__About this task__: Starting at the line that contains "それを見本に作業します。 まず艶消しブラックを塗装します その後マス", write out every line through the end of the records below exactly as it appears, and leave out all pictures.

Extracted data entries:
-*-*-
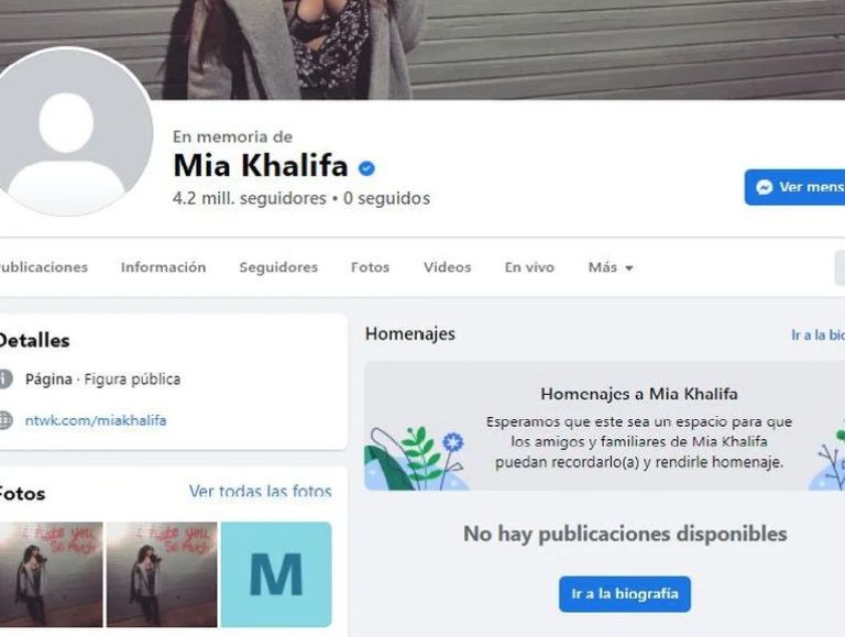 El nombre de la exactriz de contenido erótico, Mia Khalifa, fue tendencia en redes sociales luego de que su perfil de Facebook fue configurado como una cuenta conmemorativa.
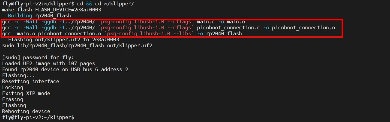 make flash FLASH_DEVICE=2e8a:0003promptSi c'est la première fois que vous gravez après avoir configuré le système à partir de l'ordinateur principal, vous pourriez voir un message similaire à celui entouré en rouge dans l'image ci-dessous - une partie des messages sera en rouge, ce qui est normal et n'est pas une erreur.
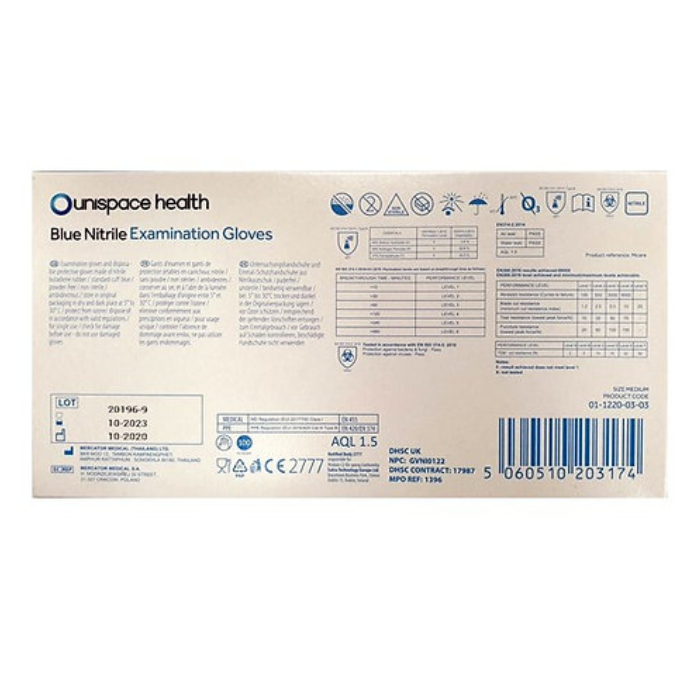 Unispace Blue Nitrile Examination Gloves - Pack of 100
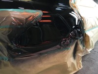 レクサスGS250/350 持ち込みリヤハーフスポイラーの塗り分け塗装依頼です。 メーカーによる説明書に塗り分け指定がありますので それを見本に作業します。 まず艶消しブラックを塗装します その後マス
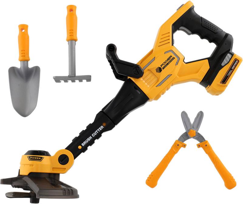 Plastový křovinořez. Dětské pracovní zahradnické nářadí. Realistické provedení. Součástí lopatka, hrábě a zahradnické nůžky. Hračka na baterie, se světlem a zvukem.
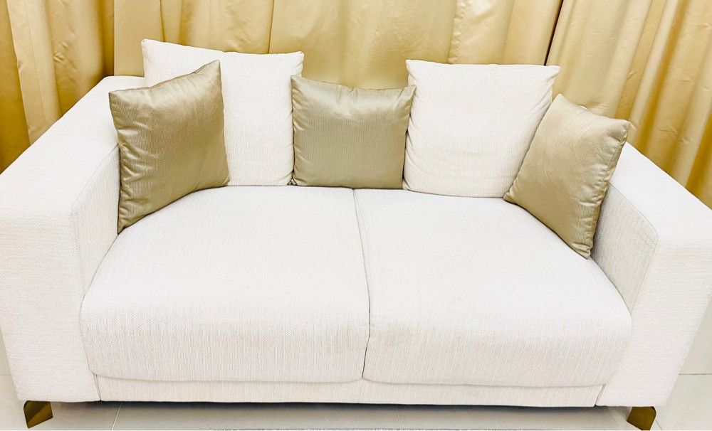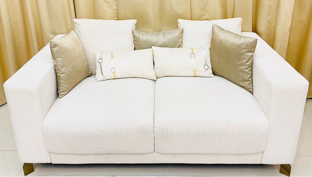 طقم كنب و وسادات شبه جديد من شركة ذا وان قطر استعمال نظيف جداً لا يوجد خدوش أو كسر. اللون: أبيض سكري (أوف وايت) يتضمن: - عدد 1 كنب كبير 3 مقاعد. - عدد 1 كنب متوسط مقعدين. - عدد 1 كنب متوسط مقعدين. - عدد 1 طاولة وسطية كبيرة خشب مع جلد. - يسع الطقم عدد 8 أشخاص الى 10. - عدد 9 وسادات صغيرة وعدد 6 كبيرة وعدد 2 مستطيلة. السعر: 4.500 ريال قطري/ قابل للتفاوض سعر الشراء: 7.696.50 ريال قطري
-*-*-
__Output below__:
 レクサスGS250/350 持ち込みリヤハーフスポイラーの塗り分け塗装依頼です。 メーカーによる説明書に塗り分け指定がありますので それを見本に作業します。 まず艶消しブラックを塗装します その後マス
 Plastový křovinořez. Dětské pracovní zahradnické nářadí. Realistické provedení. Součástí lopatka, hrábě a zahradnické nůžky. Hračka na baterie, se světlem a zvukem.
 طقم كنب و وسادات شبه جديد من شركة ذا وان قطر استعمال نظيف جداً لا يوجد خدوش أو كسر. اللون: أبيض سكري (أوف وايت) يتضمن: - عدد 1 كنب كبير 3 مقاعد. - عدد 1 كنب متوسط مقعدين. - عدد 1 كنب متوسط مقعدين. - عدد 1 طاولة وسطية كبيرة خشب مع جلد. - يسع الطقم عدد 8 أشخاص الى 10. - عدد 9 وسادات صغيرة وعدد 6 كبيرة وعدد 2 مستطيلة. السعر: 4.500 ريال قطري/ قابل للتفاوض سعر الشراء: 7.696.50 ريال قطري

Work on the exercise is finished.